On the other hand, there is another approach to film, which is all about giving. I don't know if generosity is necessarily Bangs idea of rock'n'roll but, strangely, in this day and age it feels like it. What if you make something in that spirit of offering up an experience for the joy of the people sitting in the room with you... the room being any audience and you being the film itself. I love to watch a band play and love those moments when you know that they are sharing the experience as intensely as the audience is. Their songs come alive in the eyes of the people who love to experience them in the flesh. Films don't often give you that buzz that comes from a filmmaker knowing they are giving it up to you, inviting you in, letting you be a part of the creation. Instead films are bigger, flashier and smarter (or dumber) than us and we can't give them anything back except for a ticket price. We certainly can't give them our fanaticism or our hearts.

I loved the anthropologist Marcel Mauss' book 'The Gift'. In it he explored the ways that many preindustrial societies relied on the gift as a form of expanding their social and intercommunal relations. A gift given was a complex thing which metonymically embodied social, communal, emotional, spiritual and economic relationships with the recipient. The gift encouraged reciprocity which strengthened the ties between the giver and the recipient both individually and culturally.

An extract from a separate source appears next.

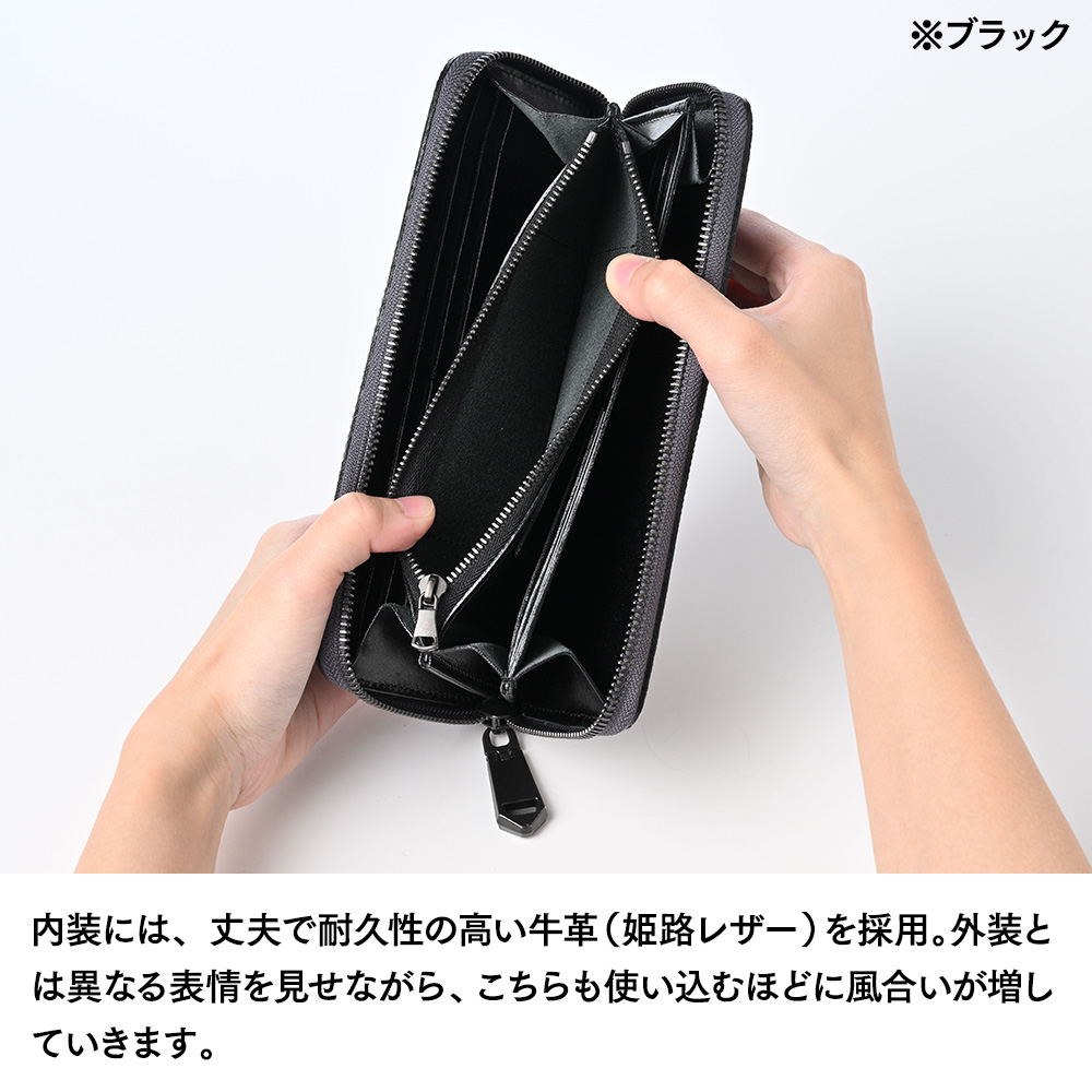 内装には、丈夫で耐久性の高い牛革(姫路レザー)を採用。外装とは異なる表情を見せながら、こちらも使い込むほどに風合いが増していきます。

Apologies to Mauss and anyone who has studied ethnography but, to my mind, the communal arts like music and film can and sometimes do work in this way. Of course, commercialism kills this, but so do filmmakers who don't think of what they do as offering a gift to their audience. A film can be an offering of enormous complexity that invites the recipient to reciprocate, either through inspiration, through high expectations, through inserting themselves deep within the film experience, through love of the experience or through taking the film out into the world with them. It communicates something of the world it comes from and embodies values and experience and philosophy as well as the emotions, narrative and character insights that sustain any storytelling form.

It would be a beautiful thing to see a film and feel it is a gift. Recently, in domestic cinema Samson and Delilah felt like this. Bastardy, too. Internationally? 35 Shots of Rum. Ballast. I'm struggling here.

One of the reasons T and I have spent much of the past few years making two enormously demanding feature music docos is to extend the gift of what the music and the musicians give to us. I sometimes think I should be spending more time on writing and making fiction but it is so hard to resist making these flicks when there is so much joy to be had in them. I am kinda snobby about the music I listen to but I have a much looser love of any music that is made with generous creativity. One of the reasons we made Words from the City was that, at the time we made it, Australian hip hop MCs were in this incredible period of making music that was an open, evolving form. It had more punk attitude than any of the punk I was hearing but also expected the audience to give back, to demand more, to expect more. Likewise, we have spent three years making Murundak after first seeing the Black Arm Band play together and realising their gathering, their songs, were an invitation to be a part of something. Those songs were a gift. We hope that the film will be our reciprocity.

DIY #1

There's DIY and there's DIY. I'm not much for bangs and whistles at the best of times but in shooting a music video for Kempsey's new DIY ep - recorded in the basement, mastered in a back shed - I like to think we took our production to a new level of 'stripped back'. T and I flew to Canberra for 3 consecutive night shoots with two 50mm lenses, two 5D bodies, two cheap on-camera LED lights and shot the living hell out of the city and a raucous crew of cohorts. It was exhausting but about as much fun as the lumbering juggernaut that is filmmaking can be. Messy, impulsive, joyous. Seize the night.